What is expected
Copy exactly the lines of the material below that fall between the line with "Clinique Moisture Surge" and the line with "9 如图,点C、D是线段AB上的两点,$ AB", both of those lines included; pictures stay out.

Information provided
BEGIN

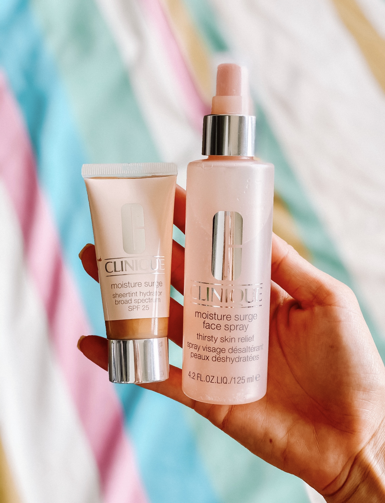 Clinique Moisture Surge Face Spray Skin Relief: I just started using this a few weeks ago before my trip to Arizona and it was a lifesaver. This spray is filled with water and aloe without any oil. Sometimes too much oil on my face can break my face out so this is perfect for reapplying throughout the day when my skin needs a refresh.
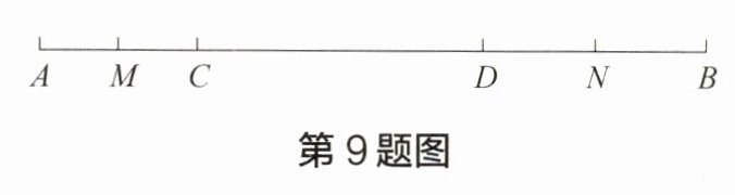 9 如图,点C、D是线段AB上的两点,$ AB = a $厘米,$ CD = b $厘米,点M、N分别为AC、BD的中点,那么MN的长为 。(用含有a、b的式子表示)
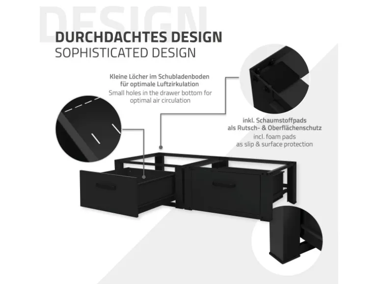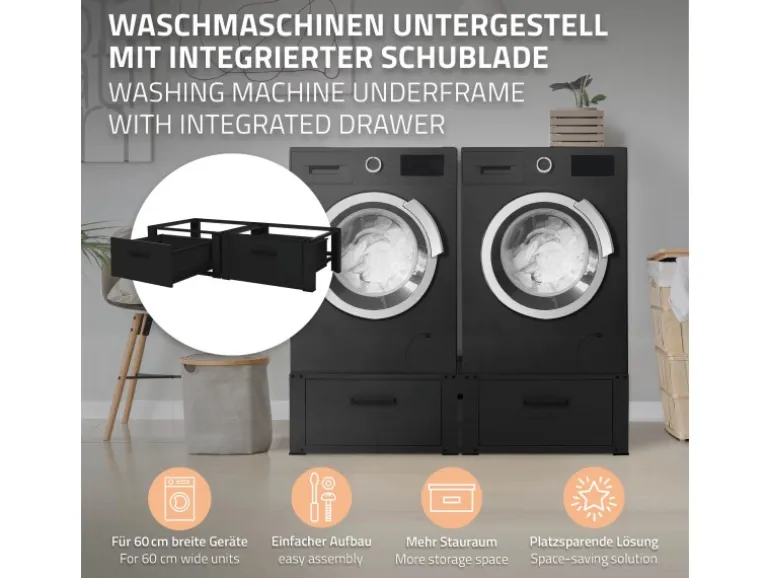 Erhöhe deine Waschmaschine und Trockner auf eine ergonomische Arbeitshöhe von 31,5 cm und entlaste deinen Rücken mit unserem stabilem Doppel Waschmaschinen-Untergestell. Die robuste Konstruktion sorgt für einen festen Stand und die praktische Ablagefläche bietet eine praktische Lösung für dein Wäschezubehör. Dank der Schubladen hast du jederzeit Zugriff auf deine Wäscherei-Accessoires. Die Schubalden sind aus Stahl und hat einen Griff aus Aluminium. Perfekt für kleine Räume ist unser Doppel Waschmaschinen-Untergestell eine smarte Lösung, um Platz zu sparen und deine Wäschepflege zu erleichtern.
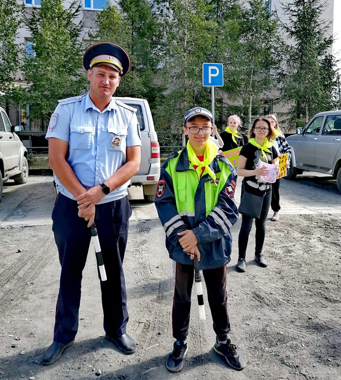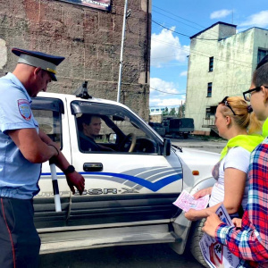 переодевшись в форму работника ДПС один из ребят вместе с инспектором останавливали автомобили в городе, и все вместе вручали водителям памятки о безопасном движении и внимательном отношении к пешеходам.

END
BEGIN

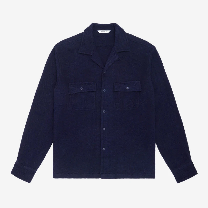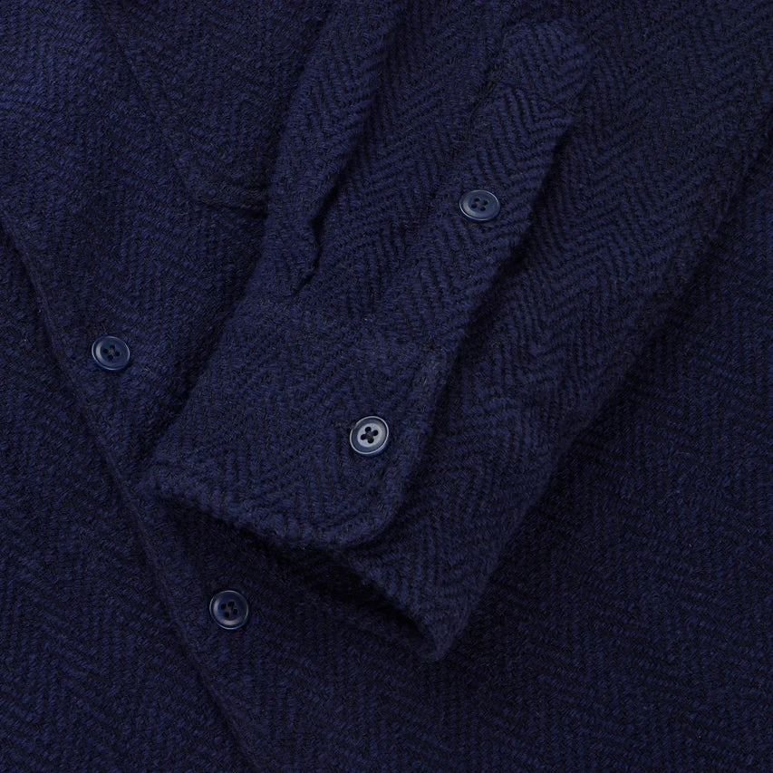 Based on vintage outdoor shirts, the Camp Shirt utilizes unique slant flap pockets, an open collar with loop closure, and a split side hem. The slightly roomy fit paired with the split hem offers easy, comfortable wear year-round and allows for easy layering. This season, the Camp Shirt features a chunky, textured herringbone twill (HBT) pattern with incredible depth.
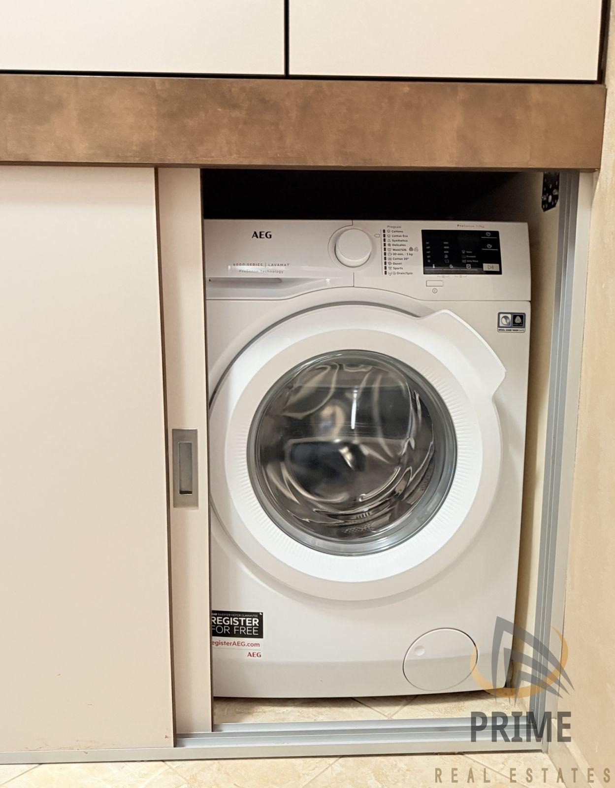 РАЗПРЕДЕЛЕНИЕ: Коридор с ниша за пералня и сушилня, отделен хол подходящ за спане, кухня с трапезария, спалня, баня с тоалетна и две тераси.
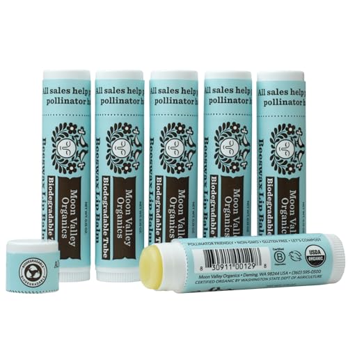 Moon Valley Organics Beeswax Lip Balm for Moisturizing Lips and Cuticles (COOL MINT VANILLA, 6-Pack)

END
BEGIN

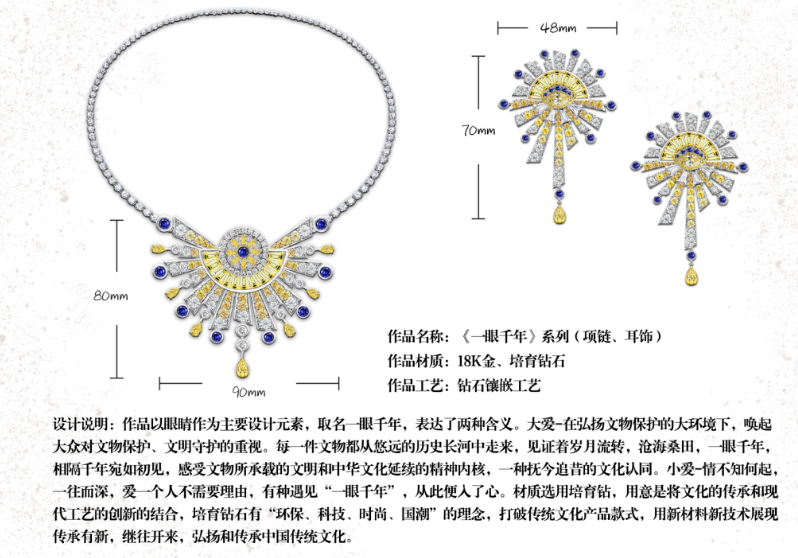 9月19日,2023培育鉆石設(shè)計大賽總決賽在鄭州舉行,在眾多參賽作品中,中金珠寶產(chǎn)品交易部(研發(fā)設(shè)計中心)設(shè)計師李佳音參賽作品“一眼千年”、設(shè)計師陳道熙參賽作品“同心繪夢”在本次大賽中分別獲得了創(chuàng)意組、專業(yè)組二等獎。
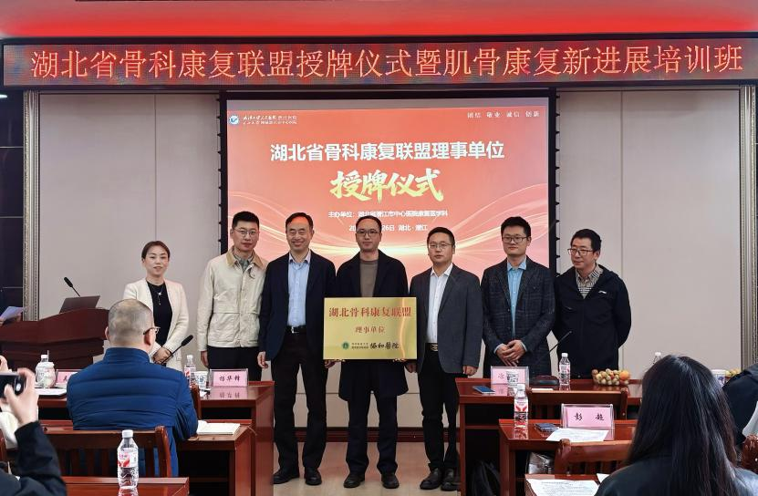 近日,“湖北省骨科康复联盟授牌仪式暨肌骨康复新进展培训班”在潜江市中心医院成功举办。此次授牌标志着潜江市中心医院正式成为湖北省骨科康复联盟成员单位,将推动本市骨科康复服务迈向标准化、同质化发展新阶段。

END

Solution to this exercise
 Clinique Moisture Surge Face Spray Skin Relief: I just started using this a few weeks ago before my trip to Arizona and it was a lifesaver. This spray is filled with water and aloe without any oil. Sometimes too much oil on my face can break my face out so this is perfect for reapplying throughout the day when my skin needs a refresh.
 9 如图,点C、D是线段AB上的两点,$ AB = a $厘米,$ CD = b $厘米,点M、N分别为AC、BD的中点,那么MN的长为 。(用含有a、b的式子表示)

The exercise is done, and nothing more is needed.